Thursday, October 31, 2013

Sample to Population - The Big Data Leap

Capacity of technology to churn huge amount of data has ushered a new era in statistics.

Lets visit Sampling definition " sampling is concerned with the selection of a subset of individuals from within a statistical population to estimate characteristics of the whole population " , 'subset' is the term which expresses statisticians workaround to get as close as possible to the population spread. As we know the act of getting sample right is of paramount importance.

Oh , what if we can get the whole population data - so that's a clear possibility with the advent of Big Data moving in fast. Massive parallel processing of the Map-Reduce Framework on the Distributed File System , its all possible. To top it, likes of Revolution R & Mahout are already there.

Statistics as we know of today is on its journey to accept population as the base data for analysis rather than the sample. Better estimates , predictions are on its way....

Tuesday, September 3, 2013

Bus Parallel Processing Architecture - Cloud Ready

Business Intelligence conceptual design paves the way for BPPA (Bus Parallel Processing Architecture). Bus Architecture is the epicenter of developing a well knit dimensional model i.e. translate business processes/sub-business processes into star schema's with dimensions drawing on the master data and transactions finding its way to the facts. Knitting is taken care off through conformed/shared dimensions.

Logical layer takes the bus architecture to the implementation turf, developing the database ER model leading to creation of database tables and bringing star schema into existence in relational database. Physical layer provides the infrastructure for DW i.e. servers, networks etc.

BPPA works on the principle of dimensional redundancy across servers (virtual servers). So each fact moves into a dedicated box thus allowing scaling out the enterprise DW - enabling cloud move for our DW. Conformed/shared dimension are redundant on respective star schema. Cost or overhead of this approach is maintaining redundant copies of dimensions. ROI of this is performance gain and ability to port the scaled out solution to multiple small servers and eventually to cloud.

To top up fact partitioning can be done, as most database vendors now provide this - out of the box, thus reducing IO footprints of fact access.


Tuesday, April 2, 2013

Futuring Now


History has seeds of Future. Identification of these seeds is what a Business Leader needs.

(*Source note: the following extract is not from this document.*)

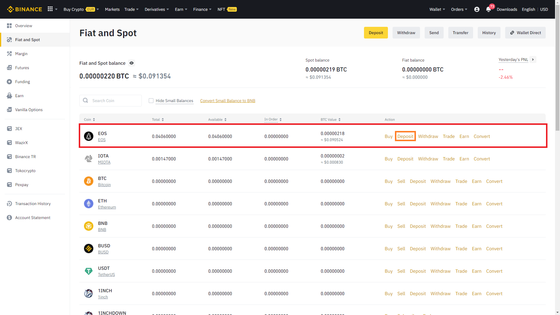 3. 입금을 원하는 코인 라인에 있는 Deposit를 클릭

Information age has made data capture of almost all the activities possible. It’s all about unraveling the patterns in these data which is the key to the future or decision making. So were to start - today there is comprehensive disciple of business intelligence. Dimensionalising our data structure and applying permutation and combination to better understand our business processes.

But that's just the beginning. Actuaries’ science is one of the most evolved application of peeping into future on the basis of history. It's time when statistical pattern analysis and prediction takes the central stage for conversion of the business data into artificial intelligence.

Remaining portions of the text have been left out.